Int J Public Health, 14 April 2022

Smoking Cessation, Weight Gain, and Risk for Type 2 Diabetes: A Prospective Study

Lin WuLin Wu1Xiaowen WangXiaowen Wang2Jia-Yi DongJia-Yi Dong2Yan-Ting ZhaoYan-Ting Zhao3Hongqiang Lou
Hongqiang Lou1*
  • 1Department of Medical College, Jinhua Polytechnic, JinHua, China
  • 2Public Health, Department of Social Medicine, Osaka University Graduate School of Medicine, Osaka, Japan
  • 3Chengdu Center for Disease and Prevention, Chengdu, China

Objectives: To examine the association between smoking cessation and risk of type 2 diabetes with emphasis on post-cessation weight gain.
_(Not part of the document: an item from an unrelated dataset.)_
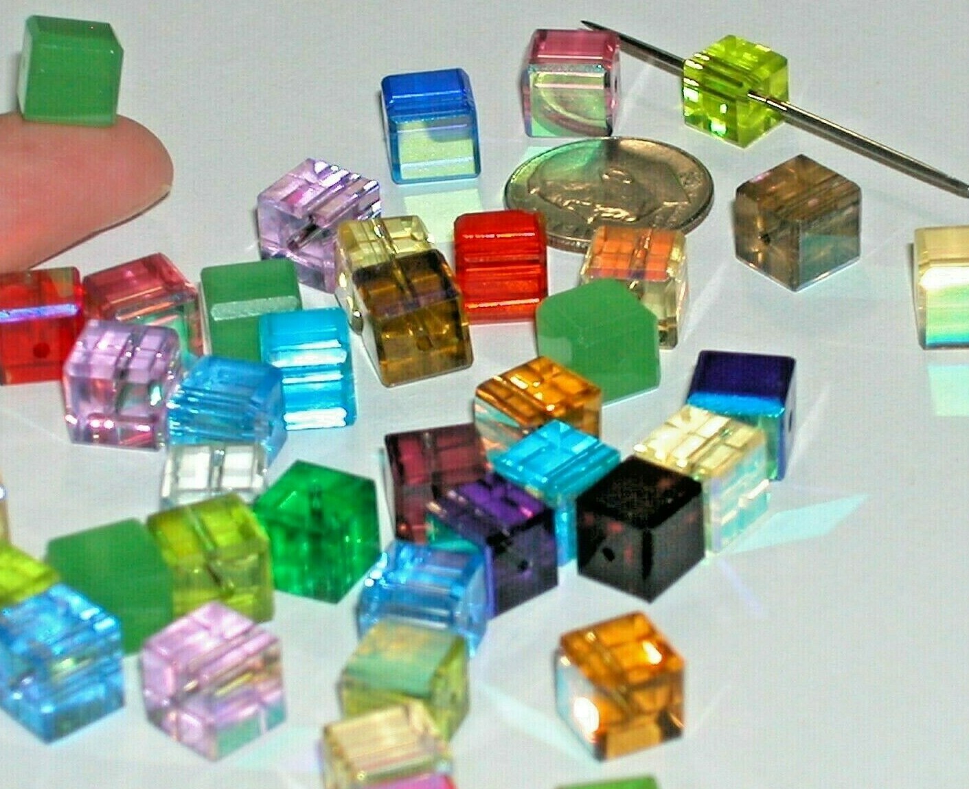 • 10pc.Crystal AB Rainbow Mix CUBE Square Beads with hole Supplies charms 8mm NEW

Methods: In total, 8,951 participants from the China Health and Retirement Longitudinal Study at the baseline (2011) were included. Diabetes incidence was accessed at the third survey (2015). Current smokers were treated as the reference and odds ratios (OR) of type 2 diabetes for never smokers, recent, and long-term quitters were computed using multivariable logistic regression. Stratified analysis was further conducted by weight gain after smoking cessation.

Results: There were 712 cases of type 2 diabetes identified. Compared with current smokers, the fully multivariable-adjusted ORs were 1.55 (1.02, 2.36) for recent quitters, 0.88 (0.61, 1.28) for long-term quitters, and 0.75 (0.59, 0.95) for never smokers. Stratified analysis showed recent quitters with weight gain of ≥2.0 kg had a significantly higher odds of type 2 diabetes [2.25 (1.02, 4.95)].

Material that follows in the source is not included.